I've started to convert it but then got stuck on how to make it work like the scala method:
from dataclasses import dataclass
@dataclass
class runReport:
name: str
email: str
phone: str
productId: str
product: str
cost: float
reduction: float
def runReport(runReport):
Edit: So from trying out things. I guess the only thing I need to be able to do is work out how to do this part in python:
return elements.map {
case resultsOfReport (name, email, phone, productId, product, cost, stillInStock)
=> s"""<tr>${createTD(name)}${createTD(email)}${createTD(phone)}${createTD(productId)}${createTD(product)}${createTDDouble(cost)}${createTDDouble(reduction)}${createTheLink(productId)}${createTD("Link to product")}</tr>"""

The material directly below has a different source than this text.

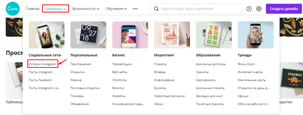 Создаем аккаунт в сервисе, при создании нового дизайна выбираем шаблон «Истории Instagram*».

}.mkString(s"""<table class="gmail-relative-table gmail-confluenceTable gmail-tablesorter gmail-tablesorter-default" style="border-collapse:collapse; margin:0px;overflow-x:auto;width:1200px"><tr>
${createTH("Name")}
${createTH("Email")}
${createTH("Phone")}
${createTH("ProductId")}
${createTH("Product")}
${createTH("Cost")}
${createTH("Reduction")}
${createTH("Link")}
</tr>""","",
"</table>")
The data comes in as [Row(Name='name' etc for example. Need to know how to map out these Row key values to column headers as it's in Scala above.
Edit:
Expected input:
data = spark.sql("select * from test")
data from sql example dataframe:
name=jon, email=email.com, phone=324234, productId=1234, product=new, cost=500, stillInStock=y)
Calling the resultsOfReport method as written above in Scala:
html_returned=resultsOfReport(data)
The expected output will give me the html format as I have given above in scala.
1 Answer
I suppose it is quite simple to convert the first functions to their Python equivalents : create_td, create_td_double, create_the_link and create_th.
The function runReport can be written as bellow. You could use the type List[Row] as you can not convert DataFrame into dataclass as in Scala to case class:
from typing import List
from pyspark.sql.types import Row
def run_report(elements: List[Row]) -> str:
table_header = f"""<table class="gmail-relative-table gmail-confluenceTable gmail-tablesorter gmail-tablesorter-default" style="border-collapse:collapse; margin:0px;overflow-x:auto;width:1200px"><tr>
{create_th("Name")}
{create_th("Email")}
{create_th("Phone")}
{create_th("ProductId")}
{create_th("Product")}
{create_th("Cost")}
{create_th("Reduction")}
{create_th("Link")}</tr>"""
tables_tds = [
f"""<tr>{create_td(el.name)}{create_td(el.email)}{create_td(el.phone)}{create_td(el.productId)}{create_td(el.product)}{create_td_double(el.cost)}{create_td_double(el.reduction)}{create_the_link(el.productId)}{create_td("Link to product")}</tr>"""
for el in elements
]
return table_header + "".join(tables_tds) + "</table>"
Using it:
data = spark.sql("select * from test").collect()
html_returned = run_report(data)
Note that collect should not be used for large DataFrames (I assume it's not very large for this use case).